I first learned about Harvey Pekar in a New York Times Sunday Book Review dated May 11th, 1986. The reviewer, David Rosenthal, summed up Pekar’s debut work, “American Splendor: the life and times of Harvey Pekar”, as follows:

"Mr. Pekar’s work has been compared by literary critics to Chekhov’s and Dostoyevsky’s, and it is easy to see why. His stories, as he puts it, are about 'the cosmic and the ordinary,' about the working stiff’s search for love and transcendence, the bleak reality of life in a hard town and the reflections of a volatile, passionate sensibility that vibrates with everything around it."
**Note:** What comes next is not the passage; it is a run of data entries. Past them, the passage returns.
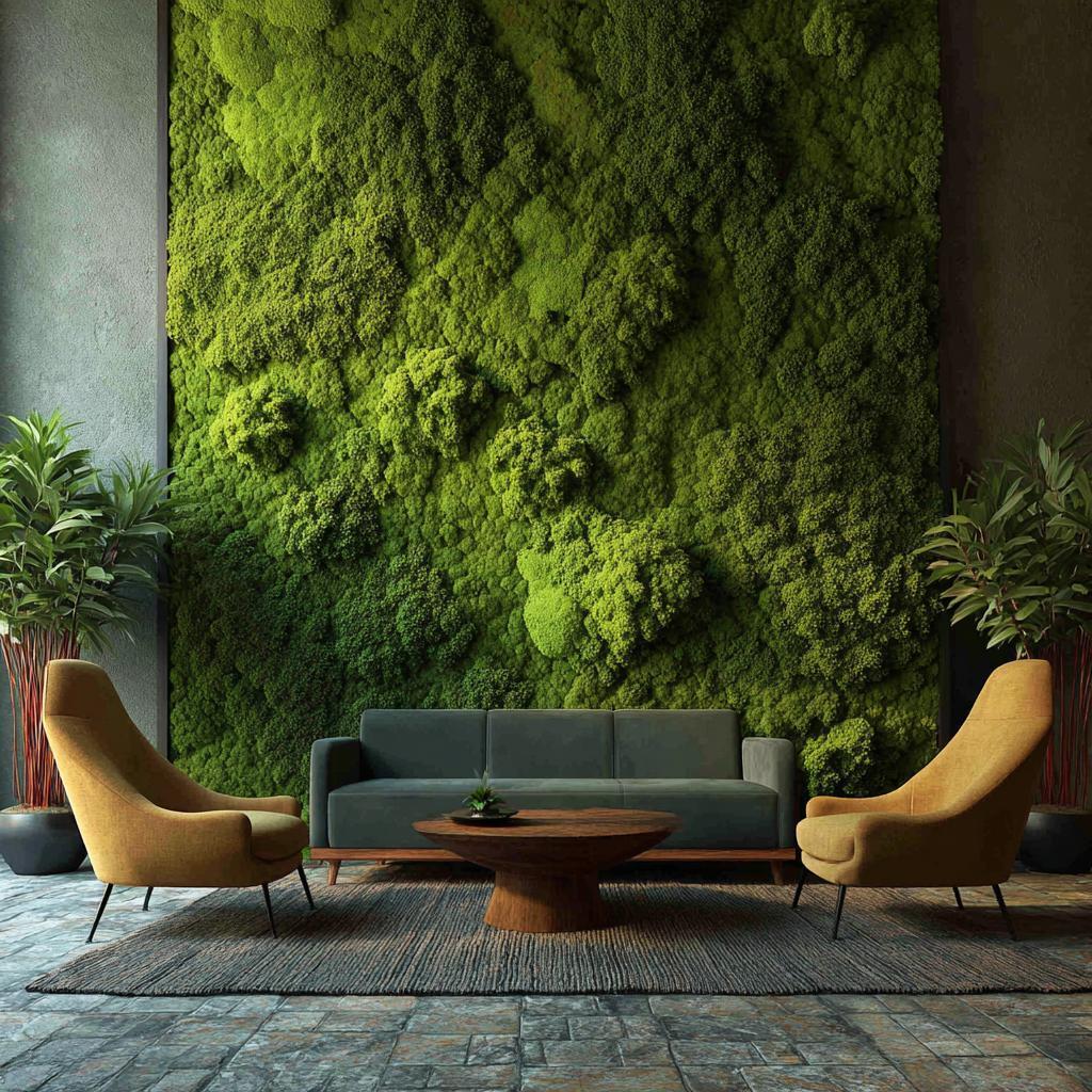 Стабилизированный мох декор сочетает натуральность и практичность, а декоративный мох в интерьере на стену делает пространство стильным, уютным и выразительным.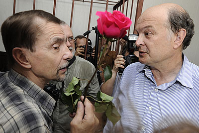 Глава движения "За права человека" Лев Пономарев и экс-директор музея и общественного центра им. Сахарова Юрий Самодуров (слева направо), признанный виновным в разжигании национальной розни за организацию выставки "Запретное искусство-2006" и приговоренный к штрафу в 200 тысяч рублей, в Таганском суде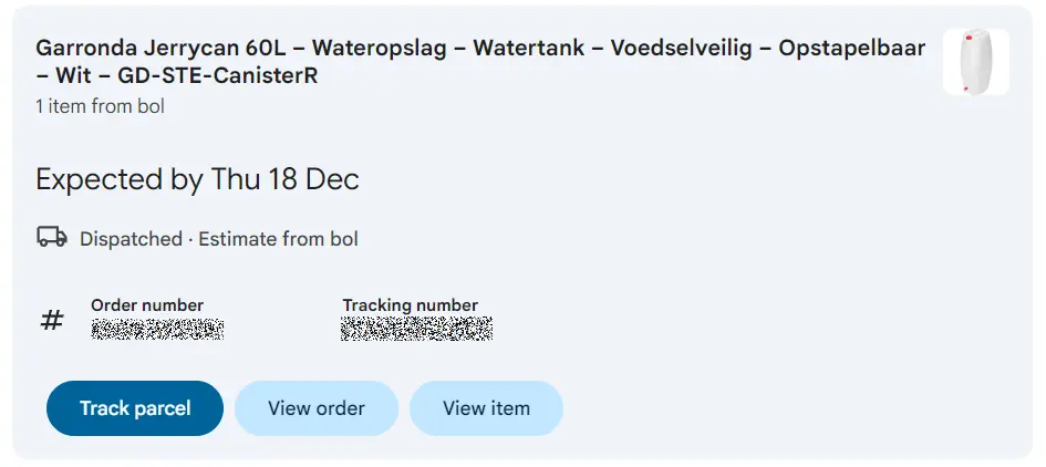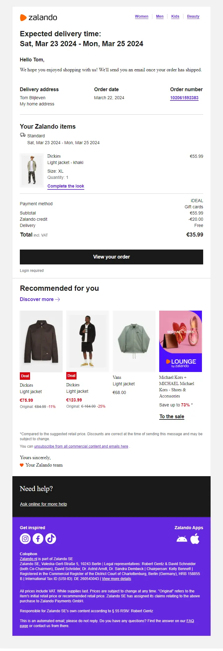 The Zalando example below starts with the estimated delivery date, good, and has the delivery address link to Google Maps, perfect, so you know exactly where the delivery will take place. Particularly handy with drop-off points, of course: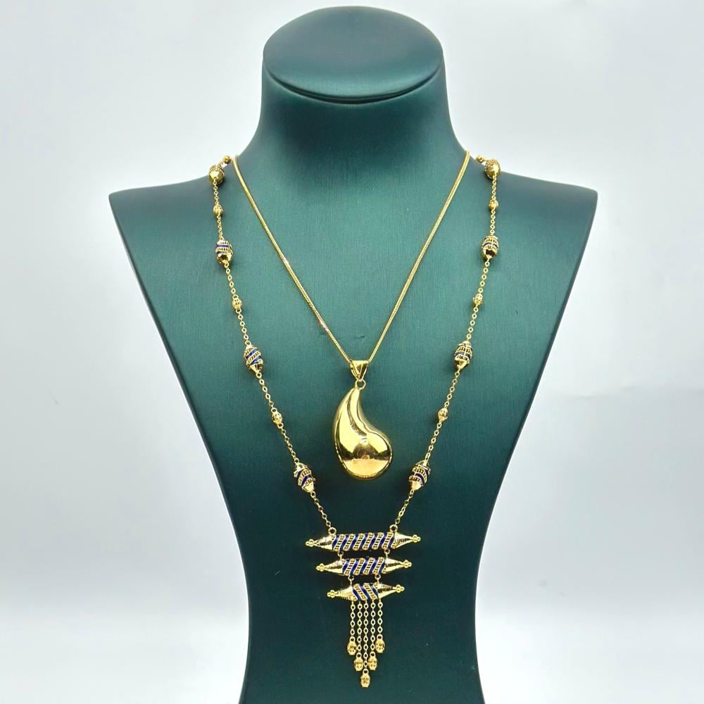 أضيفي لمسة فاخرة من التألق إلى إطلالتك مع هذه التنسيقات الراقية من عقدين ذهب عيار 21، صمما بعناية ليكمّلا بعضهما بتناغم مثالي. يجمع التصميم بين البساطة والفخامة، مما يجعله الخيار الأمثل لكل امرأة تبحث عن أناقة يومية أو إطلالة مميزة للمناسبات.

Unlike Chekhov and Dostoyevsky, Pekar’s medium was the comic book, which made it even more imperative for me to track down. Like many baby boomers (technically speaking, I am a pre-baby boomer since I was born before the end of the war), comic books were as central to my early childhood as the Internet and video games are to today’s kids. Each new issue of Mad Magazine was a major event. I would pick up the latest copy from Abe’s Candy Store in Woodridge, New York and rush home to devour it. Next I would call a fellow 11 year old, who was hip enough to get Mad Magazine’s subversive sense of humor, and discuss it as if it were the latest Woody Allen movie (in the 70s, to be sure.)